Mandira Bagwandeen, senior researcher at the University of Cape Town’s Nelson Mandela School of Public Governance, said China also sought to strengthen relations and possibly use its tried-and-tested tactic of “chequebook diplomacy” to secure votes at the United Nations.
For example, she said, the African vote played a significant role in quashing a US-led proposal at the UN last year to debate the alleged mistreatment and abuse of Uygurs and members of other Muslim minority groups in China.
Bagwandeen said China, which aimed to be a global leader in renewable energy, wanted to secure the lion’s share in the scramble for Africa’s critical minerals, which are necessary for the transition to a low-carbon economy.
“With the US showing that it is willing to challenge China in international [forums], such as at the UN, China needs to maintain and shore up relations with African states.
“China knows very well how decisive the African vote can be in multilateral settings,” Bagwandeen said, pointing to Beijing’s experience unseating Taiwan at the UN in 1971.
Benjamin Barton, an associate professor at the University of Nottingham Malaysia, said that given China’s role as a rising power and key constituent of the Global South, “it is very much in the interest of African leaders to maintain cordial ties with a country which may, in the not-so-distant future, play an even more determinant role in global politics than it currently does”.
Barton said there was a sense that the conflict in Ukraine and attempts by the West to isolate Russia internationally, as well as Russian counter-diplomacy to legitimise its war effort, had spurred the Chinese foreign policy establishment into action in Africa.
“Indeed, Africa is quickly becoming – yet again – a proxy battleground between the West and Russia for geopolitical influence against the backdrop of the war in Ukraine,” Barton said.
But despite the pomp and pageantry of African leaders’ visits, some have left China without the goodies – such as mega-project funding – they could expect just a few years ago.
Bagwandeen said the Chinese economy was still reeling from the impact of Covid-19, and many African nations were struggling to make repayments on their Chinese loans, which had likely made Beijing wary of lending to countries on the continent.
“This in no way means that China will completely stop lending – it just means that it will be more prudent and is likely to favour smaller commercial lending packages worth millions instead of billions of dollars,” she said.
Nantulya said China had become more cautious and risk-averse when it came to certain types of aid it had previously given liberally to its African partners.
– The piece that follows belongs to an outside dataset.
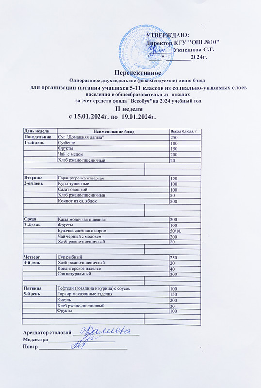 Перспективное (рекомендуемое) двухнедельное меню блюд для организации питания учащихся в общеобразовательных школах за счет бюджетных средств на 2023-2024 год 2 неделя на 18.01.2024 (четверг)

For example, despite major overtures by Kenya, China has held firm in refusing to take part in the extension of the Chinese-built and financed Mombasa-Nairobi-Naivasha Standard Gauge Railway to Malaba on the Ugandan border.
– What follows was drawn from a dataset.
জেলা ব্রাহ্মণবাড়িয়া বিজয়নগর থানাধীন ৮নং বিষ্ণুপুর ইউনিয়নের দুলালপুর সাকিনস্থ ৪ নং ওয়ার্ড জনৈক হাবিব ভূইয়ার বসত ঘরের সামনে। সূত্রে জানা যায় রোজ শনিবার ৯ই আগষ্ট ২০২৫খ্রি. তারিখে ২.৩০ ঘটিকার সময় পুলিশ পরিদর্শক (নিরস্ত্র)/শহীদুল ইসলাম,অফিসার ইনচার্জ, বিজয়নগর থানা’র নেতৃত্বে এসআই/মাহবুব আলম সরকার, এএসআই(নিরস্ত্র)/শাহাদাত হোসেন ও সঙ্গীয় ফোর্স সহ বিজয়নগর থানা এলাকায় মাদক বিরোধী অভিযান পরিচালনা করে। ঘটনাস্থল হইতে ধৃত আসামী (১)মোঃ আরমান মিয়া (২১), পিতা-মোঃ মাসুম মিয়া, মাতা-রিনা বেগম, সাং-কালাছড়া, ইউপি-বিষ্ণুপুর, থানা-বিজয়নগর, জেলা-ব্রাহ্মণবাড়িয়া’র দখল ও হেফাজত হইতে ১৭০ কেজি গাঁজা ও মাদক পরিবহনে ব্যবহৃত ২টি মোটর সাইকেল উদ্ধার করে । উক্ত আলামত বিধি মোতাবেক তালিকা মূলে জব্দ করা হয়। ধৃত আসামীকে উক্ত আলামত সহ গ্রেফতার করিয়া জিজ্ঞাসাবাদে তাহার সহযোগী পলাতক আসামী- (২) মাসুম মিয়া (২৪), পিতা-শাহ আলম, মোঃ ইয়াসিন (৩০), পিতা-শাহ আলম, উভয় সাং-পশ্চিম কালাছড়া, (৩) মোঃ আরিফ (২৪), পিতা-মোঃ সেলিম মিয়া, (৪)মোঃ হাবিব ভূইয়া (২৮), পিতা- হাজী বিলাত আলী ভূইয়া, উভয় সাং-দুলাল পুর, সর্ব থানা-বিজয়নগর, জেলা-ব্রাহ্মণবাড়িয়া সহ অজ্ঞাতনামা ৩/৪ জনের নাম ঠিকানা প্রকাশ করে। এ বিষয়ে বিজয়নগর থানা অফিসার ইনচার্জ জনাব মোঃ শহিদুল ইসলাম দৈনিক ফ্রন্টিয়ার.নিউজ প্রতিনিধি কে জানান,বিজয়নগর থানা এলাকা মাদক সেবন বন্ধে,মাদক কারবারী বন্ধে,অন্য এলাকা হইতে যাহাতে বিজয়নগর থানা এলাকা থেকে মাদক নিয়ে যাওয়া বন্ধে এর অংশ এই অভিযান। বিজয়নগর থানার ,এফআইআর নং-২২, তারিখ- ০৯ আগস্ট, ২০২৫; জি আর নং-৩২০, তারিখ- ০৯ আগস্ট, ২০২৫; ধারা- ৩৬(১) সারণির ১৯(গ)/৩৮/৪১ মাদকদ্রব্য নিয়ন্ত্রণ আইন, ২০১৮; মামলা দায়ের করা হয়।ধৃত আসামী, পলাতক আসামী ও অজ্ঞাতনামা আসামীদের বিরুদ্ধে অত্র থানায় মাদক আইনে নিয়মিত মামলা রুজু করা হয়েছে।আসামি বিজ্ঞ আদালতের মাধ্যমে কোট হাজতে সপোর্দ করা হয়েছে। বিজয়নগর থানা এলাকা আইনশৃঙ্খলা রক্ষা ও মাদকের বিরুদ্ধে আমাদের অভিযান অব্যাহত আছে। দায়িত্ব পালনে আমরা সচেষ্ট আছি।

Barton said China was increasingly conservative in its financial promises to African leaders during their visits to the country, which was in line with the reduced financial promises Beijing made during the 2021 Forum on China-Africa Cooperation (FOCAC) ministerial meeting in Dakar.
“The nature of talks may be leaning more towards issues of debt restructuring, solvency and relief than simply new and unfettered lines of credit and trade creation,” he said.